08-28-2013 07:41 AM
Hi I want to get a random sample from a table but I want output number as %25 of the table count
here is the code:
proc surveyselect data=temp.tableA method = urs sampsize = ???
rep=1 seed=12345 out=temp.sonuc out=outhits;
id bayi pos key msisdn;
proc print data = temp.sonuc noobs;
how can I put sampsize=count(tableA)/4
or the %25
for example table has 1000 row
but I need output number 250
but I do not put it hard coded
it must calculate the count of table then it must take 1/4 of the numberr
08-28-2013 07:53 AM
You could create a macro variable based on the number of obs in the dataset using the following.
%LET DSID = %SYSFUNC(OPEN(SASHELP.CLASS));
%LET NUMOBS = %SYSFUNC(ATTRN(&DSID.,NOBS));
%LET SAMP = %SYSEVALF(&NUMOBS./4,CEIL);
%LET RC = %SYSFUNC(CLOSE(&DSID));
%PUT *****************************&NUMOBS. &SAMP.;
Edited to make use of the CEIL modifier.
08-28-2013 08:18 AM
I made what you said but it brings to me not exactly 1/4 of the table
for example my table has 425019 row
but the code brings to me 94239 row
I changed the extra features from the code but it did not change
proc surveyselect data=temp.tableA method = urs samprate = 0.25
seed=12345 out=temp.sonuc ;
08-28-2013 08:38 AM
This is due to the sampling method you are using (URS), which allows replacement (i.e. it can select the same observation more than once). The output dataset will only contain the unique values, so any duplicate observations have been dropped. If you change the method to SRS then you will always get 25% of the observations each time.

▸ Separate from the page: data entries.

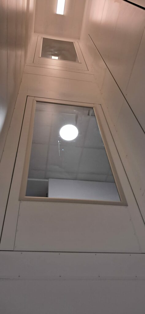 Ce modèle se distingue aussi par son design scandinave. Sa paroi rétroéclairée crée une ambiance moderne et rassurante. Par ailleurs, la main courante éclairée améliore la sécurité et la visibilité. L’appareil installé est en blanc signalisation, une teinte sobre et élégante.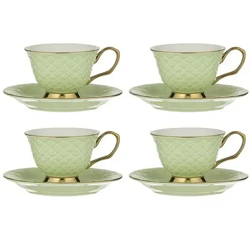 ASHDENE RIPPLE - CUP & SAUCER SET OF 4 - PISTACHIO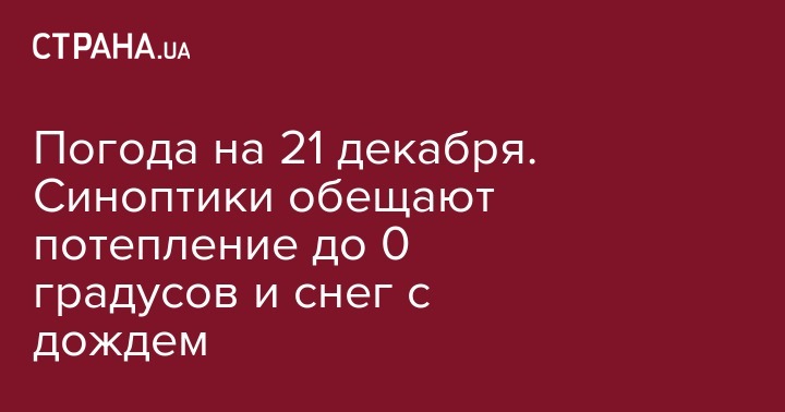 В пятницу, 21 декабря в Украине отступят морозы. В среднем, днем в стране ожидается температура воздуха около 0 градусов. Практически всю территорию накроют осадки - снег или снег с дождем. Сухо и пасмурно будет только на юге Украины и в Черновицкой области. Об этом сообщается на сайте Укргидрометцентра.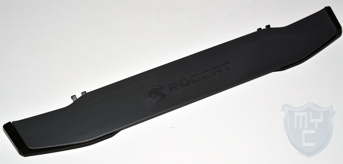 Mittig wurde das ROCCAT Logo in das graue Kunststoffelement der Handballenauflage eingeprägt.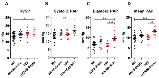 Schistosoma egg exposure increases pulmonary arterial pressure in HIV mice. Mean values of (A) right ventricular systolic pressure (RVSP), (B) systolic, (C) diastolic, and (D) mean pulmonary arterial pressure (PAP) in Wt and HIV mice exposed or unexposed to Schistosoma. Results are expressed as means ± SEM (n = 10–17). *, ** and *** indicate p < 0.05, p < 0.01, and p < 0.001, respectively (one-way ANOVA analysis followed by the Tukey post-hoc test).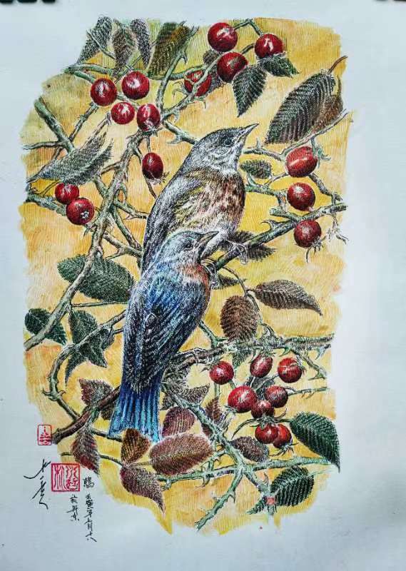 朴永哲钢笔淡彩画《鸫》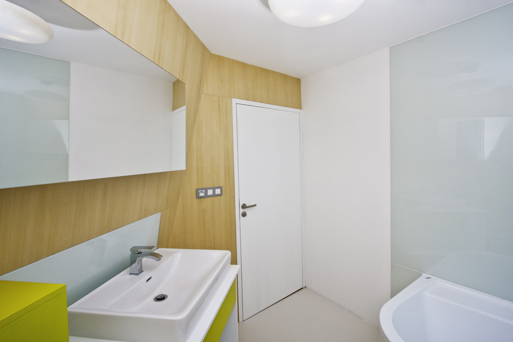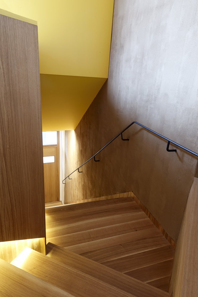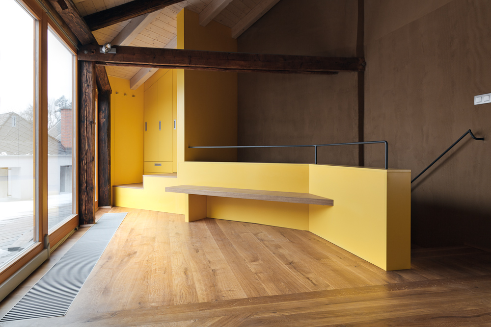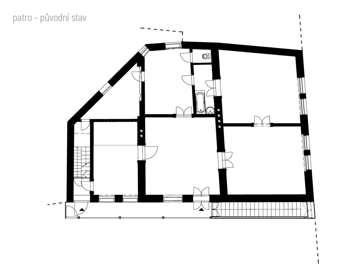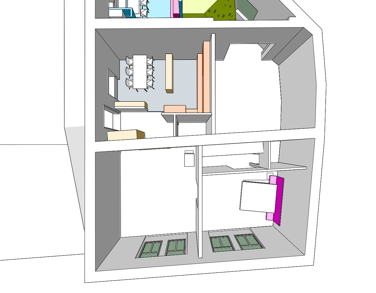Lomený obrys domu a dlouhé schodiště do podkrovního bytu ohraničují prostor, kde ve zbývající části půdorysu patra vznikl malý jednoprostorový byt. Dispozice založená na soustředění šatny, jídelny, kuchyně a koupelny do bloku u vstupu uvolňuje zbylé plochy bytu, vzniklá vestavba je pak od původního bytu oddělena výškově a barevně. Vysoká světlá výška nabízela vložit nad koupelnu spací patro pro návštěvy, ale kvůli technickým a statickým úpravám zde nakonec vznikl pouze úložný prostor. Zešikmením stěny koupelny se prostor směrem nahoru více otevírá, nepůsobí stísněně a skrz nový otvor velkoryseji prosvětluje hloubku dispozice. Nakloněná rovina umožnila instalaci žebříku nebo lezeckých chytů pro lepší dostupnost úložného prostoru.

I suggest you read up on the PROC SURVEYSELECT documentation, this gives you all the answers to your questions.
08-28-2013 08:00 AM
Can't you SAMPRATE= option.
specifies the sampling rate, which is the proportion of units to select for the sample. The sampling rate r must be a positive number. You can specify r as a number between 0 and 1. Or you can specify r in percentage form as a number between 1 and 100, and PROC SURVEYSELECT converts that number to a proportion. The procedure treats the value 1 as 100% instead of 1%.